Um, but you know, the, the, the idea with, with what we’re doing a, a group of us on the franchise side of things is that, you know, when I first came in and I was brought in by Gary in the clubhouse, and there were all these rooms on digital marketing and all this stuff that I was fascinated by. But I [00:27:00] wasn’t really seeing my community there.

And, uh, and I started looking around in the database and, and there were a few and I would connect with everybody. I could find that mentioned franchising. And, uh, so, so, you know, Jan early January, there weren’t a lot of, of my industry people there. Um, but over time it’s growing. And so we set up a club, um, they’ve been finding us as have a lot of people that have just an interest in franchising and growing businesses and so forth.

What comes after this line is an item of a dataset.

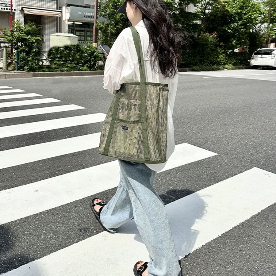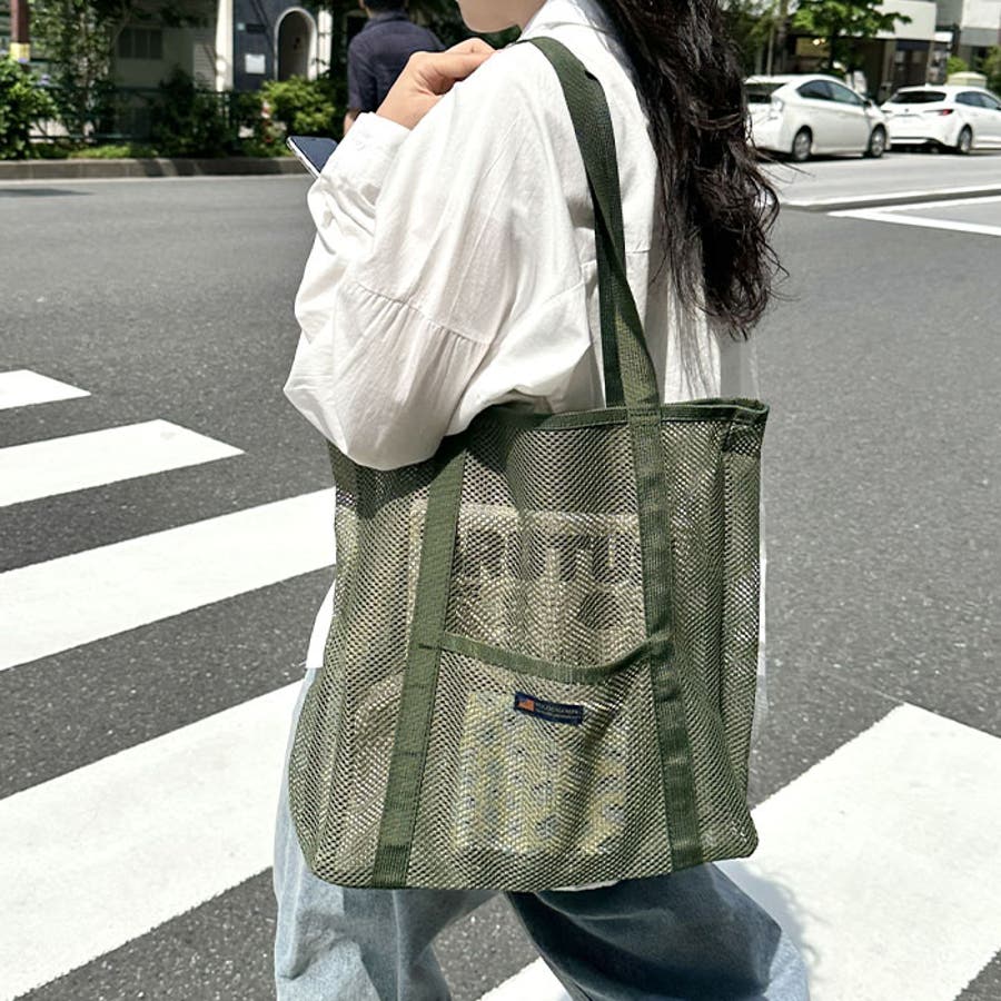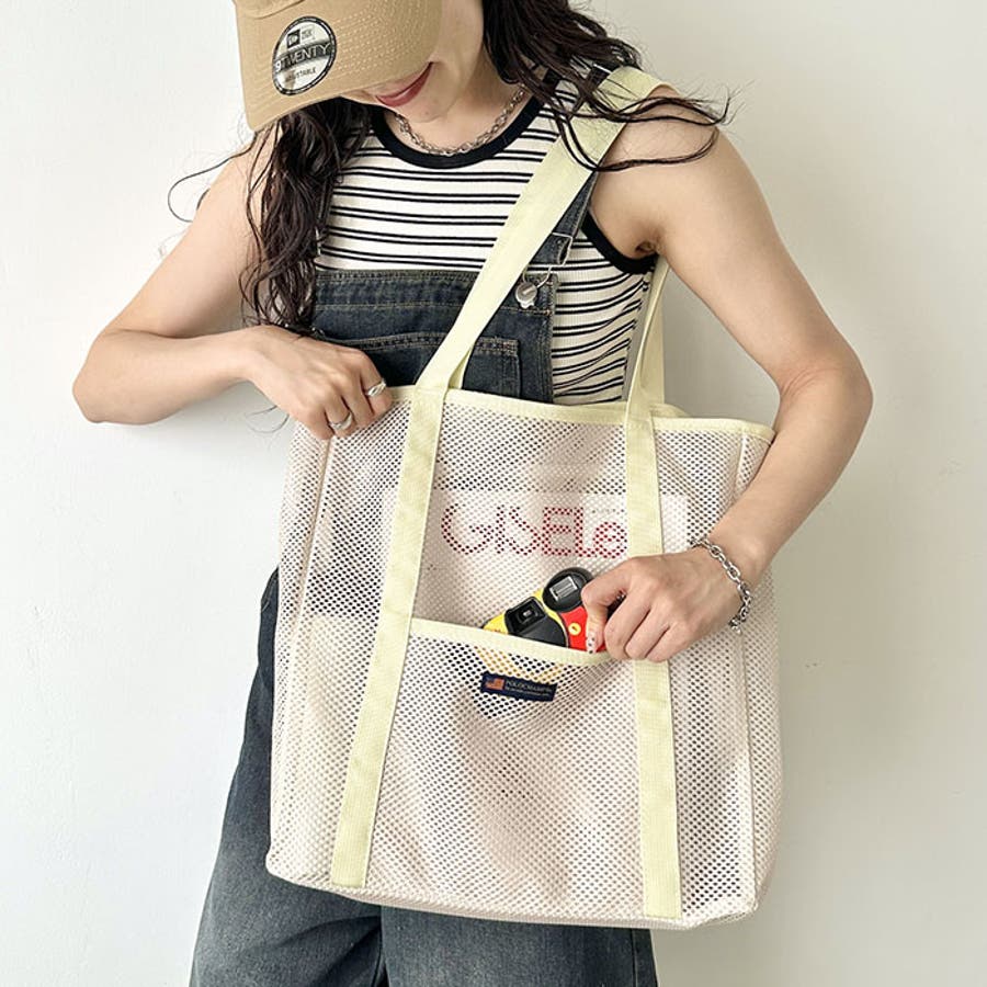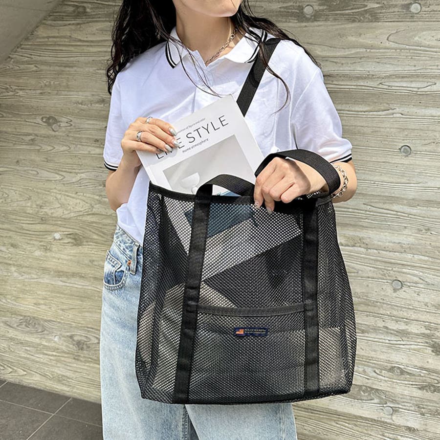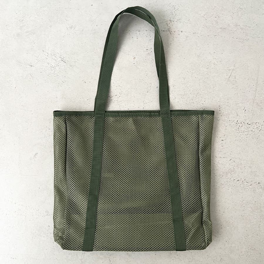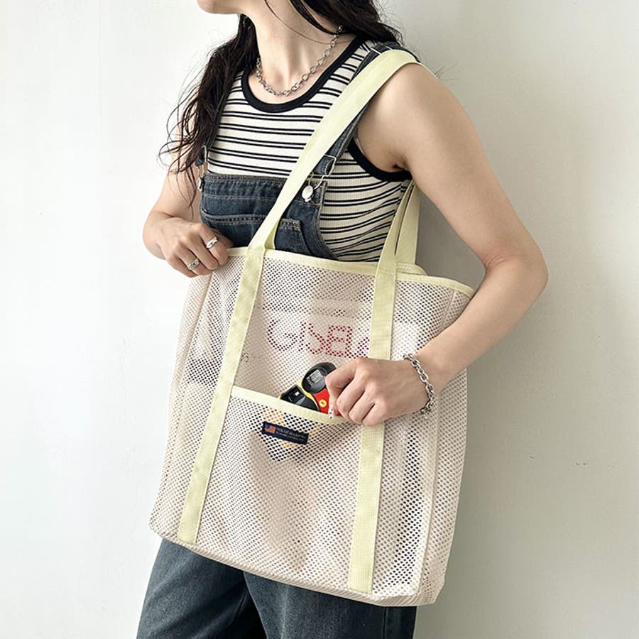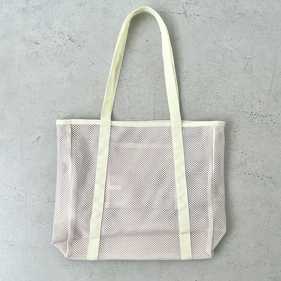 通気性に優れたメッシュ素材を使用した、軽やかな印象のトートバッグ。

So we’re, we’re over 2,500 members and followers at this point, uh, growing pretty quickly. And, uh, you know, we’re looking forward to putting some stuff on. So we’ve got a, a, uh, room set up for Wednesday already. That’s gonna be focused on big ticket sales, you know, franchise sales, enterprise computing, sales, that sort of thing.

Um, we’re gonna have another couple set up for, for this week. We’re just trying to nail down times in people. Um, and then we’ve got. Other franchise industry pros from franchisors to [00:28:00] suppliers, to franchisees. And we’re gonna try to get franchise conversations throughout the week. Um, there’s a lot of stuff that I could sit and ramble on for hours about, but coming into clubhouse, I decided I would pick my silo and stick to franchising.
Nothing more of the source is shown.